Truly: A profile in courage.

Katrina: The Real Story

What the media isn’t telling you (and you should be glad):

That Katrina was a weather weapon, wielded by the Yakuza, the Japanese mob. Or maybe Russia. Or China. Or India. Idaho weatherman extraordinaire Scott Stevens promotes this view, based on the belief that the Soviet Union developed energy weapons that can manipulate the weather, set off earthquakes, and mundane things like disable satellites and spacecraft. Stevens appeared on a podcast called the Enigma Report just before Katrina hit the Gulf Coast. He told host Kathleen Keating that Katrina’s Florida landfall was a smoking gun:

SS: As I was doing my evening weathercast the Thursday prior, the evening of the 25th of August, I was reading the discussion out of the NHC where the eye of Katrina as she made landfall went over the top of the NHC. If that isn’t putting … let’s just say you’re putting the bead of the eye of the gun on the target. It was amazing. That should have been a big heads up. …

KK: To me that was Yakuza all over. To me that was like their signature.

SS: Yakuz … yeah. It was a very clear signal that you’ve been targeted; you’ve been targeted.

And a little later, he explained that the Yakuza was just one possible culprit: “It could be Yakuza, It could be the former Soviet Union with this. There was China involved. There is India now. There are so many nations that all they have to do is do their little part to keep this thing going.” He also noted that all the planes leaving suspicious contrails over most of the United States had migrated to the region where the storm was active. Of course, neither he nor the host ever explain how storms like this happened before the onset of supersecret Soviet technology.
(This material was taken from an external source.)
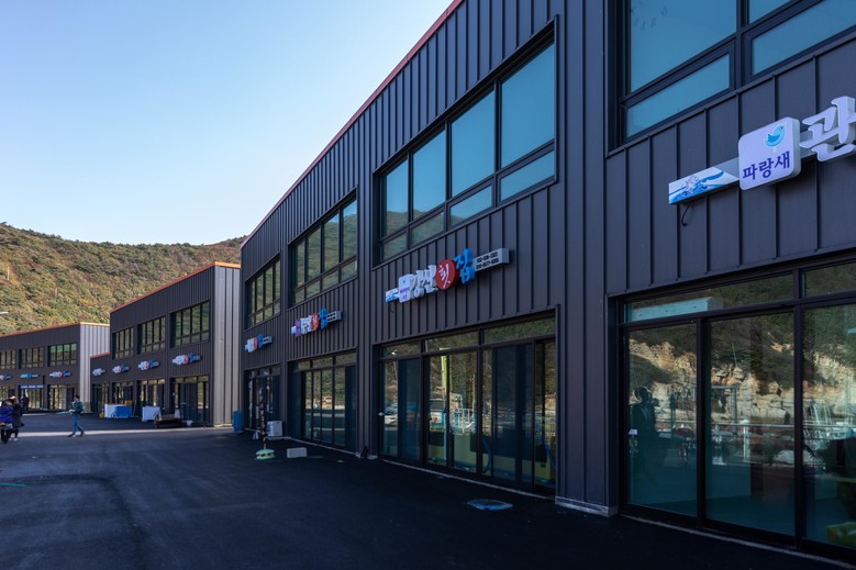 ‘두무진 회센터’는 과거 포구 인근에서 어민들이 삼삼오오 모여 영업을 이어가던 공간이었으나, 2018년 옹진군 마을경관개선사업을 통해 직판장이 신축되면서 현재 4개 동, 총 16개 음식점이 자리 잡은 수산물 특화 상점가로 재탄생했다. 해당 상점가는 백령도를 대표하는 관광 명소 두무진 절경과 맞닿아 있어, 푸른 바다를 배경으로 신선한 회와 해산물 요리를 즐길 수 있는 지역 명소로 주목받고 있다.
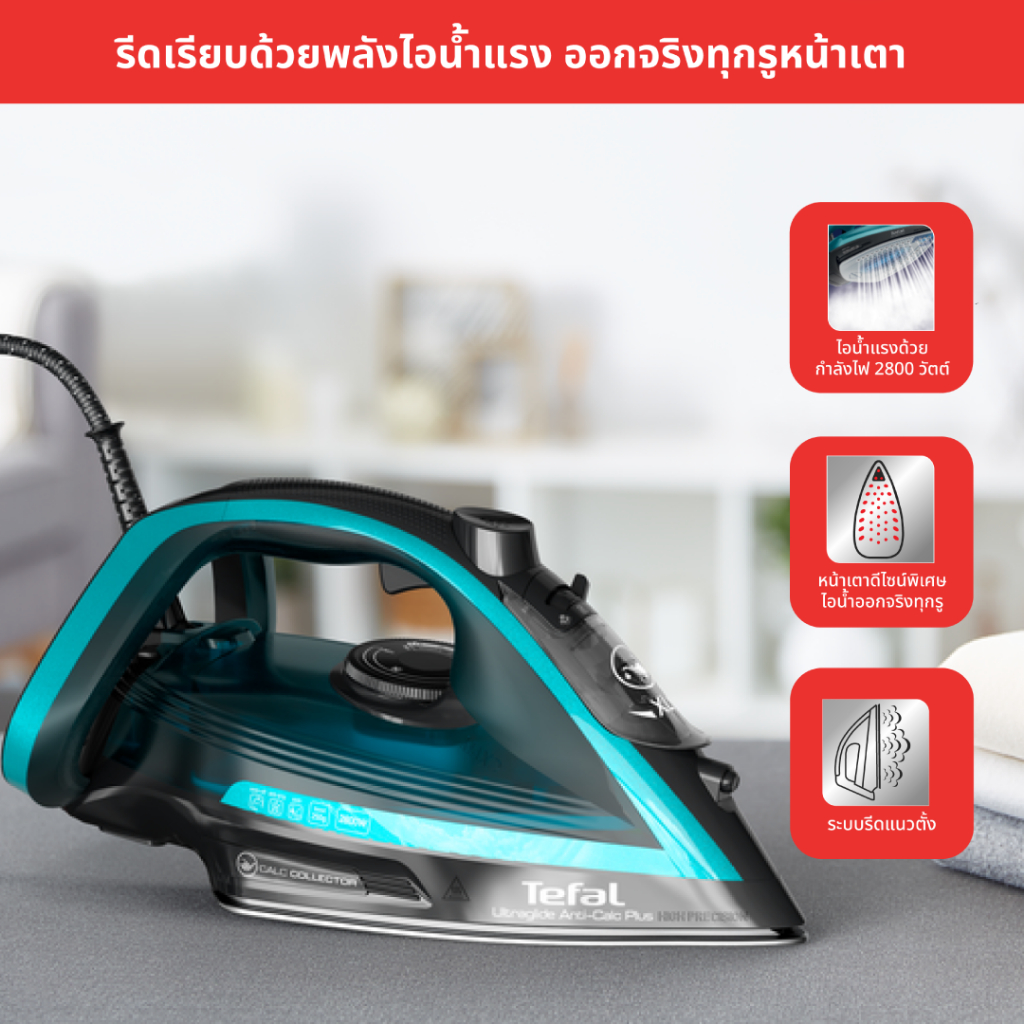 Tefal เตารีดไอน้ำ Ultraglide Plus Steam Iron รุ่น FV5847T0 กำลังไฟ 2800 วัตต์

Now here’s the thing if you spend the time to listen to this guy’s Yakuza/energy weapons claptrap: You’ll find much of what he says thoughtful and perhaps agree with it. For instance, how the destruction of wetlands in Louisiana has contributed to New Orleans’ vulnerability to catastrophic flooding; or how irresponsible it is for our government to commit hundreds of billions to the Iraq war. And he’s reasonably well informed about the economy and the Gulf region’s place in it.

Then he caps everything off by noting that our side failed to do anything to fight the enemy hurricane warriors, whoever they are, and ends by saying, “The great sorting has begun.” Meaning the apocalypse is here, I guess.

Hurricane Relief: Mission Accomplished

On Monday, as Hurricane Katrina was beginning the process of turning New Orleans and the Gulf Coast into something like hell, the president was talking up all the great things he’s done for Medicare recipients at a senior center in Southern California. He wanted to touch on some current events, though, before he started into telling everyone how much better he’d made their lives:

“… We’re praying for the folks that have been affected by this Hurricane

Katrina. We’re in constant contact with the local officials down there.

The storm is moving through, and we’re now able to assess damage, or

beginning to assess damage. And I want the people to know in the

affected areas that the federal government and the state government and

the local governments will work side-by-side to do all we can to help

get your lives back in order.

“This was a terrible storm. It’s a storm that hit with a lot of ferocity. It’s a

storm now that is moving through, and now it’s the time for governments

to help people get their feet on the ground.

For those of you who prayed for the folks in that area, I want to thank you

for your prayers. For those of you who are concerned about whether or

not we’re prepared to help, don’t be. We are. We’re in place. We’ve got

equipment in place, supplies in place. And once the — once we’re able

to assess the damage, we’ll be able to move in and help those good

folks in the affected areas.”

“For those of you who are concerned about whether or not we’re prepared to help, don’t be.” He didn’t quite say “mission accomplished.” But you have to view the clip — Bush with his cocksure “we done showed Saddam” smirk — to see that he really was saying “mission accomplished.”